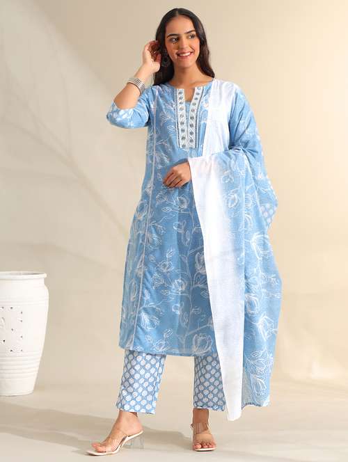 - Find gorgeous sets of ethnic wears in trending designs in blue colors suitable for casual wear of occasions.
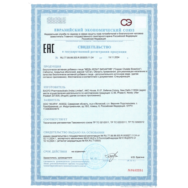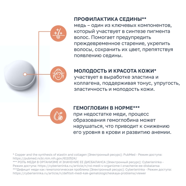 Целлюлоза микрокристаллическая (агент антислеживающий), меди бисглицинат, оболочка таблетки (гидроксипропилметилцеллюлоза (загуститель), диоксид титана (краситель), полиэтиленгликоль (стабилизатор), этилцеллюлоза (наполнитель), тальк (агент антислеживающий)), магниевая соль стеариновой кислоты (агент антислеживающий).
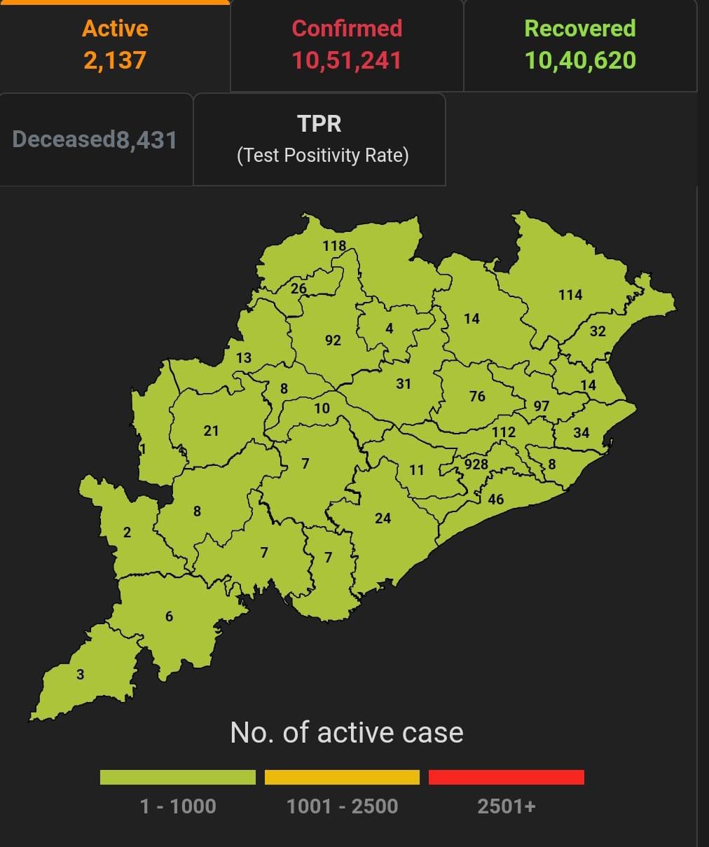 ଭୁବନେଶ୍ବର ୧୦/୧୨(ପିପିଟି); ରାଜ୍ୟରେ ନୂତନ ଆକ୍ରାନ୍ତ ସଂଖ୍ୟା ୨୮୬ ପଜିଟିଭ ସଂଖ୍ୟା ୧୦,୫୧,୨୪୧ ଚିହ୍ନଟ ହୋଇଛନ୍ତି ୧୦,୪୦,୬୨୦ ଜଣ ସୁସ୍ଥ ହୋଇଥିବା ବେଳେ ୨,୧୩୭ ଜଣ ଚିକିତ୍ସିତ ହେଉଛନ୍ତି ଏବଂ ୮୪୩୧ ଜଣଙ୍କର ମୃତ୍ୟୁ ଘଟିଛି ଏବଂ ଅନ୍ଯ ମୃତ୍ୟୁ ୫୩ ହୋଇଛି । ଖୋର୍ଦ୍ଧା ଜିଲ୍ଲାରେ ଆକ୍ରାନ୍ତ ସଂଖ୍ୟା ୧,୭୯,୯୬୬ ସୁସ୍ଥ ସଂଖ୍ୟା ୧,୭୭,୪୪୦ ଚିକିତ୍ସିତ ସଂଖ୍ୟା ୯୨୮, ମୃତ ସଂଖ୍ୟା ୧୫୮୮ କଟକ ଜିଲ୍ଲାରେ ଆକ୍ରାନ୍ତ ସଂଖ୍ୟା ୯୫,୩୩୪, ସୁସ୍ଥ ସଂଖ୍ୟା ୯୪,୩୬୦ ଚିକିତ୍ସିତ ସଂଖ୍ୟା ୧୧୨, ମୃତ ସଂଖ୍ୟା ୮୫୮, ଗଞ୍ଜାମ ଜିଲ୍ଲାରେ ଆକ୍ରାନ୍ତ ସଂଖ୍ୟା ୩୩,୯୪୮ ସୁସ୍ଥ ସଂଖ୍ୟା ୩୩,୪୩୫ ଚିକିତ୍ସିତ ସଂଖ୍ୟା ୨୪ ମୃତ ସଂଖ୍ୟା ୪୮୧, ସୁନ୍ଦରଗଡ ଜିଲ୍ଲାରେ ଆକ୍ରାନ୍ତ ସଂଖ୍ୟା ୬୨,୨୪୪ ସୁସ୍ଥ ସଂଖ୍ୟା ୬୧,୫୩୦ ଚିକିତ୍ସିତ ସଂଖ୍ୟା ୧୧୮, ମୃତ ସଂଖ୍ୟା ୫୯୨ ବୋଲି ସ୍ୱାସ୍ଥ୍ୟ ପରିବାର କଲ୍ୟାଣ ବିଭାଗ ତରଫରୁ ଏହି ସୂଚନା ମିଳିଛି।
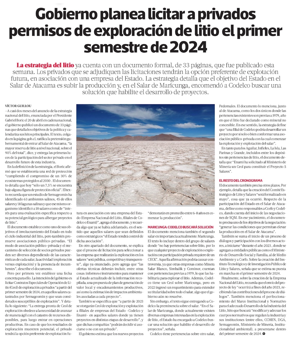 Litio: Licitación de permisos para la exploración de privados comenzará en 2024 - (El Mercurio de Santiago)
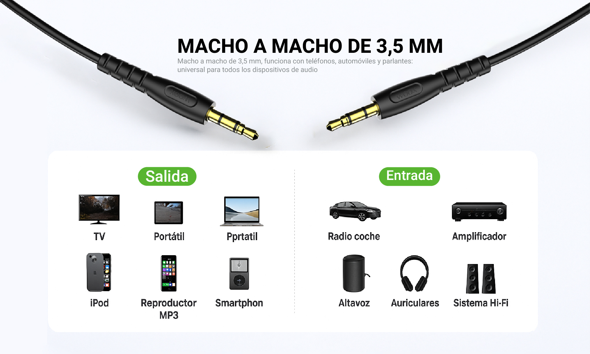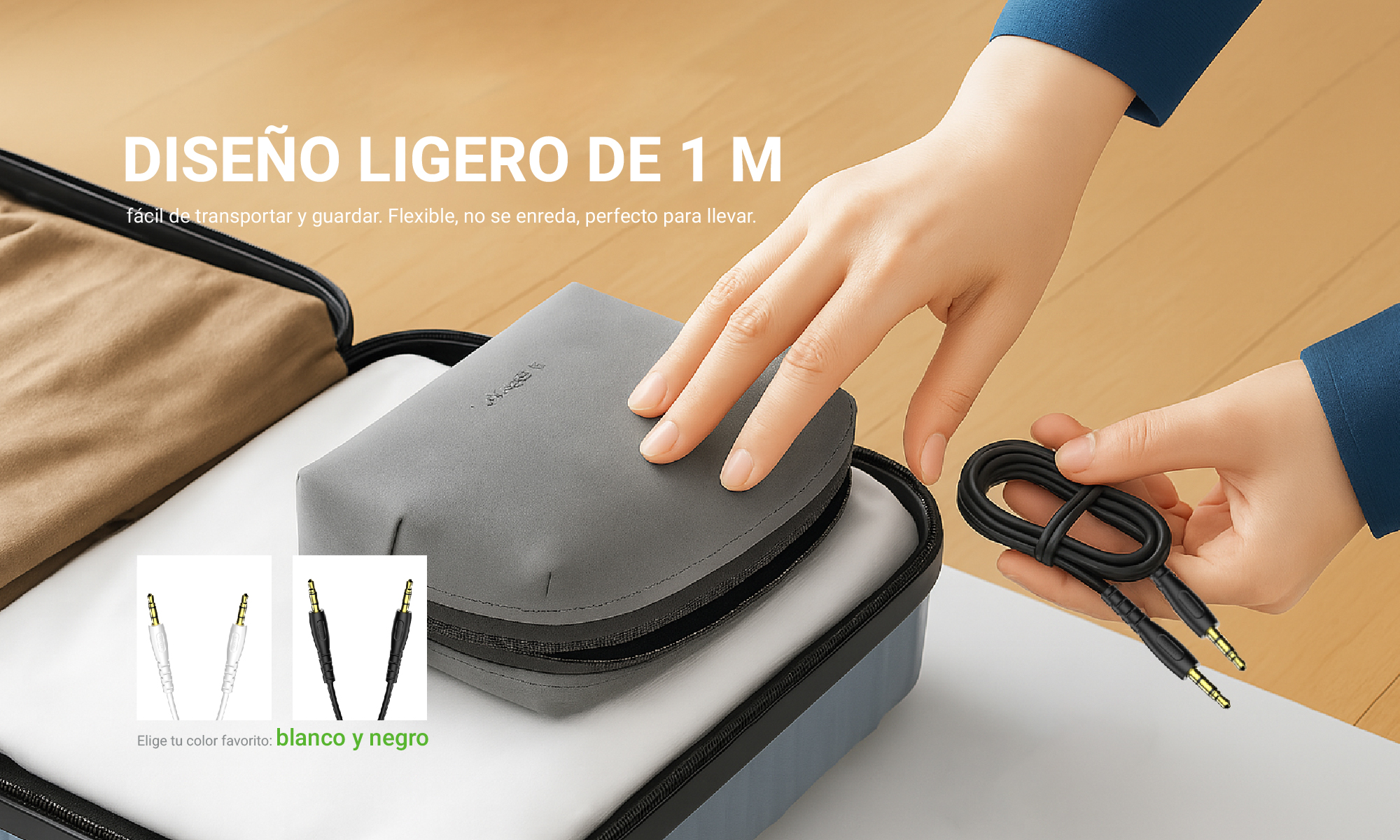 Cable de Audio MX0040 3.5mm Aux a 3.5mm Aux 1m-Blanco
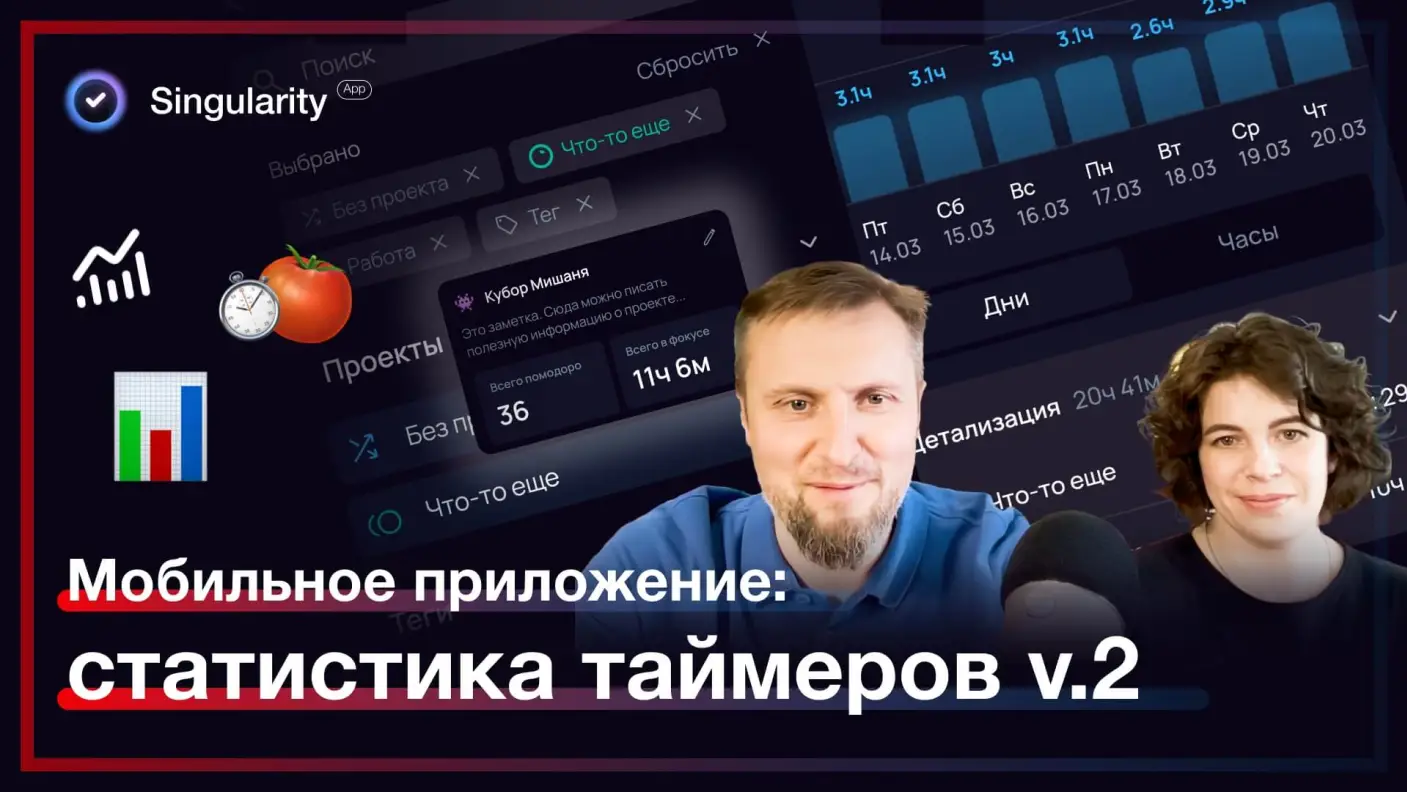 📱 В мобильном приложении SingularityApp обновилась статистика таймеров! Теперь можно выбрать любой период, посмотреть, как распределялось время по часам, и отфильтровать результаты по проектам и тегам 🔍
== == ==
The expected output is each entry given again word for word, with pictures dropped.

 - Find gorgeous sets of ethnic wears in trending designs in blue colors suitable for casual wear of occasions.
 Целлюлоза микрокристаллическая (агент антислеживающий), меди бисглицинат, оболочка таблетки (гидроксипропилметилцеллюлоза (загуститель), диоксид титана (краситель), полиэтиленгликоль (стабилизатор), этилцеллюлоза (наполнитель), тальк (агент антислеживающий)), магниевая соль стеариновой кислоты (агент антислеживающий).
 ଭୁବନେଶ୍ବର ୧୦/୧୨(ପିପିଟି); ରାଜ୍ୟରେ ନୂତନ ଆକ୍ରାନ୍ତ ସଂଖ୍ୟା ୨୮୬ ପଜିଟିଭ ସଂଖ୍ୟା ୧୦,୫୧,୨୪୧ ଚିହ୍ନଟ ହୋଇଛନ୍ତି ୧୦,୪୦,୬୨୦ ଜଣ ସୁସ୍ଥ ହୋଇଥିବା ବେଳେ ୨,୧୩୭ ଜଣ ଚିକିତ୍ସିତ ହେଉଛନ୍ତି ଏବଂ ୮୪୩୧ ଜଣଙ୍କର ମୃତ୍ୟୁ ଘଟିଛି ଏବଂ ଅନ୍ଯ ମୃତ୍ୟୁ ୫୩ ହୋଇଛି । ଖୋର୍ଦ୍ଧା ଜିଲ୍ଲାରେ ଆକ୍ରାନ୍ତ ସଂଖ୍ୟା ୧,୭୯,୯୬୬ ସୁସ୍ଥ ସଂଖ୍ୟା ୧,୭୭,୪୪୦ ଚିକିତ୍ସିତ ସଂଖ୍ୟା ୯୨୮, ମୃତ ସଂଖ୍ୟା ୧୫୮୮ କଟକ ଜିଲ୍ଲାରେ ଆକ୍ରାନ୍ତ ସଂଖ୍ୟା ୯୫,୩୩୪, ସୁସ୍ଥ ସଂଖ୍ୟା ୯୪,୩୬୦ ଚିକିତ୍ସିତ ସଂଖ୍ୟା ୧୧୨, ମୃତ ସଂଖ୍ୟା ୮୫୮, ଗଞ୍ଜାମ ଜିଲ୍ଲାରେ ଆକ୍ରାନ୍ତ ସଂଖ୍ୟା ୩୩,୯୪୮ ସୁସ୍ଥ ସଂଖ୍ୟା ୩୩,୪୩୫ ଚିକିତ୍ସିତ ସଂଖ୍ୟା ୨୪ ମୃତ ସଂଖ୍ୟା ୪୮୧, ସୁନ୍ଦରଗଡ ଜିଲ୍ଲାରେ ଆକ୍ରାନ୍ତ ସଂଖ୍ୟା ୬୨,୨୪୪ ସୁସ୍ଥ ସଂଖ୍ୟା ୬୧,୫୩୦ ଚିକିତ୍ସିତ ସଂଖ୍ୟା ୧୧୮, ମୃତ ସଂଖ୍ୟା ୫୯୨ ବୋଲି ସ୍ୱାସ୍ଥ୍ୟ ପରିବାର କଲ୍ୟାଣ ବିଭାଗ ତରଫରୁ ଏହି ସୂଚନା ମିଳିଛି।
 Litio: Licitación de permisos para la exploración de privados comenzará en 2024 - (El Mercurio de Santiago)
 Cable de Audio MX0040 3.5mm Aux a 3.5mm Aux 1m-Blanco
 📱 В мобильном приложении SingularityApp обновилась статистика таймеров! Теперь можно выбрать любой период, посмотреть, как распределялось время по часам, и отфильтровать результаты по проектам и тегам 🔍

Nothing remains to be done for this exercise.